- _WHAT TO WORK ON_
Could you transcribe each entry below exactly, minus the images?

- _INPUT RECORDS_
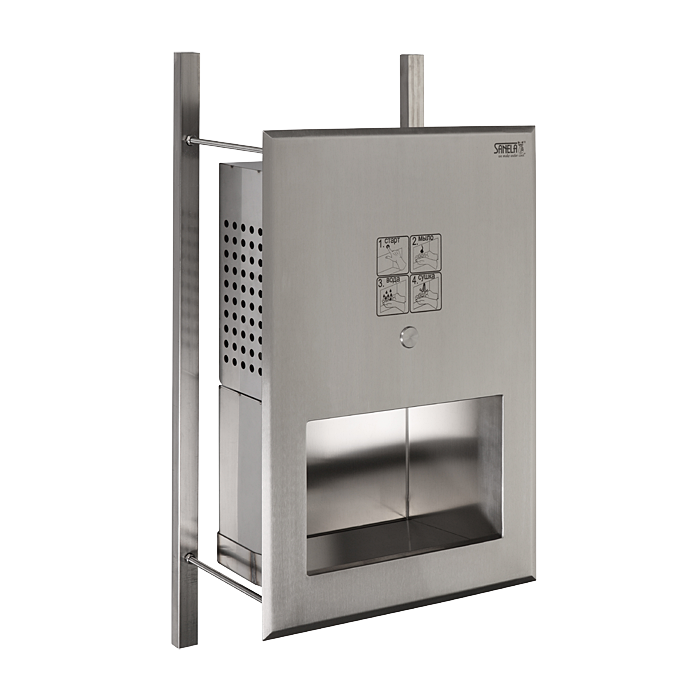 SLUN 70H - Réf. 73701 - lave-mains multiple en acier inoxydable avec électronique piézo, distributeur de savon intégré, sortie d'eau et sèche-mains, siphon, kit de montage, câble flexible avec prise pour prise murale 230 V/50 Hz
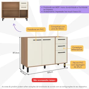 Transforme sua cozinha num ambiente elegante e funcional com o Balcão de Cozinha Gabinete Pia 120cm 3 Portas e 2 Gavetas Havana Multimóveis CR20310. Produzido em MDP de 15mm com impressão Touch UV fosca, garante durabilidade e resistência. Com um amplo espaço para organizar os utensílios de cozinha, ele possui 3 portas com puxadores em PVC, 2 gavetas com corrediças telescópicas, que oferecem um manuseio suave e silencioso, além de prateleira interna que suporta até 5kg. O balcão NÃO acompanha tampo (compatível com pia de 120cm). O design embutido das portas lembra um móvel planejado, tornando sua cozinha ainda mais sofisticada, enquanto os pés em PVC com regulagem de altura conferem maior estabilidade ao móvel e facilidade na higienização do ambiente.
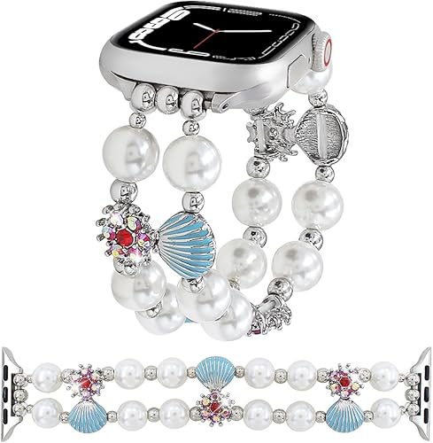 Stretchy Pearl Beaded Band Compatible with Apple Watch Bands 38/40/41mm 42/44/45/46/49mm Women,Elastic Beads Sea Shell Wristband for iWatch Series 10 9 8 7 6 5 4 3 SE Ultra 2
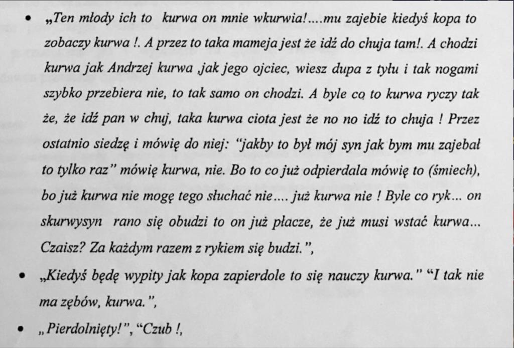 Ale podległy administracyjnie prezesowi Sądu w Złotowie sędzia Edmund Cybulski, po wysłuchaniu tych szokujących nagrań, nakazał wydanie dziecka matce! Czyli zabranie z bezpiecznego domu ojca 4-atka z użyciem kuratora i policji i przekazanie je do środowiska, gdzie zażywa środki chemiczne i pije alkohol agresywny Piotr P.!
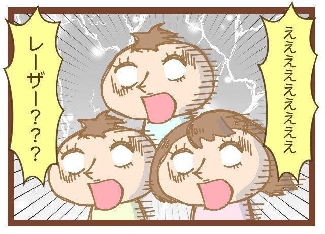 レーザー受けてきたんだよ~と何気なく話すと、三つ子の表情がみるみる変わります(笑)
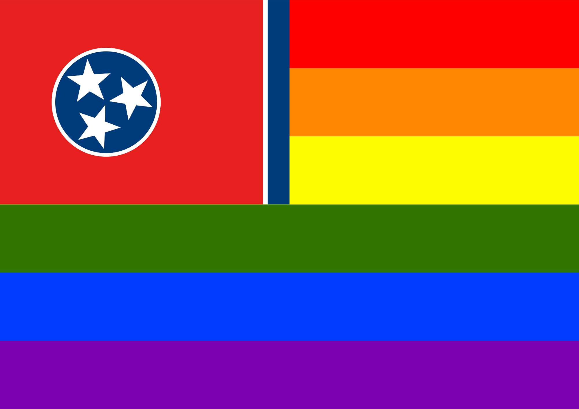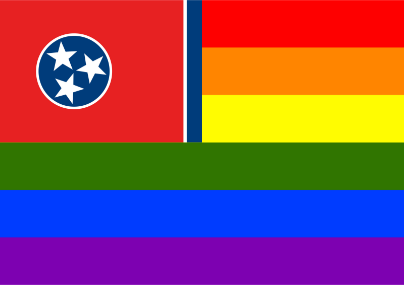 Flag of Tennessee in front of rainbow flag.

- _EXERCISE ANSWER_
 SLUN 70H - Réf. 73701 - lave-mains multiple en acier inoxydable avec électronique piézo, distributeur de savon intégré, sortie d'eau et sèche-mains, siphon, kit de montage, câble flexible avec prise pour prise murale 230 V/50 Hz
 Transforme sua cozinha num ambiente elegante e funcional com o Balcão de Cozinha Gabinete Pia 120cm 3 Portas e 2 Gavetas Havana Multimóveis CR20310. Produzido em MDP de 15mm com impressão Touch UV fosca, garante durabilidade e resistência. Com um amplo espaço para organizar os utensílios de cozinha, ele possui 3 portas com puxadores em PVC, 2 gavetas com corrediças telescópicas, que oferecem um manuseio suave e silencioso, além de prateleira interna que suporta até 5kg. O balcão NÃO acompanha tampo (compatível com pia de 120cm). O design embutido das portas lembra um móvel planejado, tornando sua cozinha ainda mais sofisticada, enquanto os pés em PVC com regulagem de altura conferem maior estabilidade ao móvel e facilidade na higienização do ambiente.
 Stretchy Pearl Beaded Band Compatible with Apple Watch Bands 38/40/41mm 42/44/45/46/49mm Women,Elastic Beads Sea Shell Wristband for iWatch Series 10 9 8 7 6 5 4 3 SE Ultra 2
 Ale podległy administracyjnie prezesowi Sądu w Złotowie sędzia Edmund Cybulski, po wysłuchaniu tych szokujących nagrań, nakazał wydanie dziecka matce! Czyli zabranie z bezpiecznego domu ojca 4-atka z użyciem kuratora i policji i przekazanie je do środowiska, gdzie zażywa środki chemiczne i pije alkohol agresywny Piotr P.!
 レーザー受けてきたんだよ~と何気なく話すと、三つ子の表情がみるみる変わります(笑)
 Flag of Tennessee in front of rainbow flag.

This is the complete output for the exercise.